Power-of-Two Free Lists Allocators | Kernel Memory Allocators

The Power of Two Free Lists is an algorithm for Kernel Memory Allocation. It is used frequently to implement malloc() and free() in the user-level C library. This approach uses a set of free lists. Each list stores buffers of a particular size and all the sizes are powers of two. For example, consider the figure below there are six free lists, storing buffers of sizes 32, 64, 128, 256, 512, and 1024 bytes.

Each buffer has a header of a fixed size which leads to reduced usable area. When the buffer is free, its header stores a pointer to the next free buffer. When the buffer is allocated, it’s header points to the free list to which it should be returned. In a few implementations, it contains the size of the allocated area instead. This helps detect certain bugs but requires the free() routine to compute the free list location from the size.

When client calls malloc(), passing the required size as an argument. The allocator computes the size of the smallest buffer that is large enough to satisfy the request. This involves adding space for the header(4 Bytes) to the requested size and rounding the resulting value to the next power of two. The 32-byte buffers satisfy requests for 0-28 bytes, the 64-byte buffers satisfy requests for 29-60 bytes, and so on. The allocator then removes a buffer from the appropriate free list and the pointer in the header points to the corresponding free list. It returns to the caller a pointer to the byte instantly following the header in the buffer.
The below figure represents the conceptual view of allocated buffers and pointers to the buffers.

When the client releases the buffer, it calls the free() routine, passing the pointer returned by malloc() as an argument. The user does not have to specify the size of the buffer being freed. It is essential, however, to free the entire buffer obtained from malloc(); there is no provision for freeing only part of the allocated buffer. The free() method moves the pointer back four bytes to access the header. It receives the free list pointer from the header and puts the buffer on that list. 

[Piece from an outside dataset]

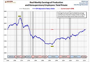 The latest hypothetical real (inflation-adjusted) annual earnings are at $39,915, down 11.1% from 45-plus years ago.

The allocator may handle a new malloc() request for that size in one of three ways:

• Block the request until a buffer of the appropriate size is released.
• Satisfy the request with a larger buffer, beginning with the next list and continuing the search until it finds a nonempty list.
• Obtain additional memory from the page-level allocator to generate more buffers of that size.

Advantages:

• The algorithm is simple and reasonably fast.
• The main goal for this algorithm is that it avoids the lengthy linear searches of the resource map method and eliminates the fragmentation problem entirely.
• The allocator also presents a familiar programming interface, with the important advantage that the free() routine need not be given the buffer size as an argument. As a result, an allocated buffer can be passed to other functions and subsystems and finally freed using only the pointer to the buffer.
• The interface does not allow a client to release only part of the allocated buffer.

Disadvantages:

• The rounding of requests to the next power of two often leaves a lot of unused space in the buffer, resulting in poor memory utilization.
• The problem becomes worse due to the necessity to store the header in the allocated buffers. For example, a 512-byte request would consume a 1024-byte buffer.
• There is no provision for coalescing adjacent free buffers to satisfy larger requests. Generally, the size of each buffer remains fixed for its lifetime. The only flexibility is that large buffers may sometimes be used for small requests.
• Although some implementations allow the allocator to steal memory from the paging system, there is no provision to return surplus free buffers to the page-level allocator.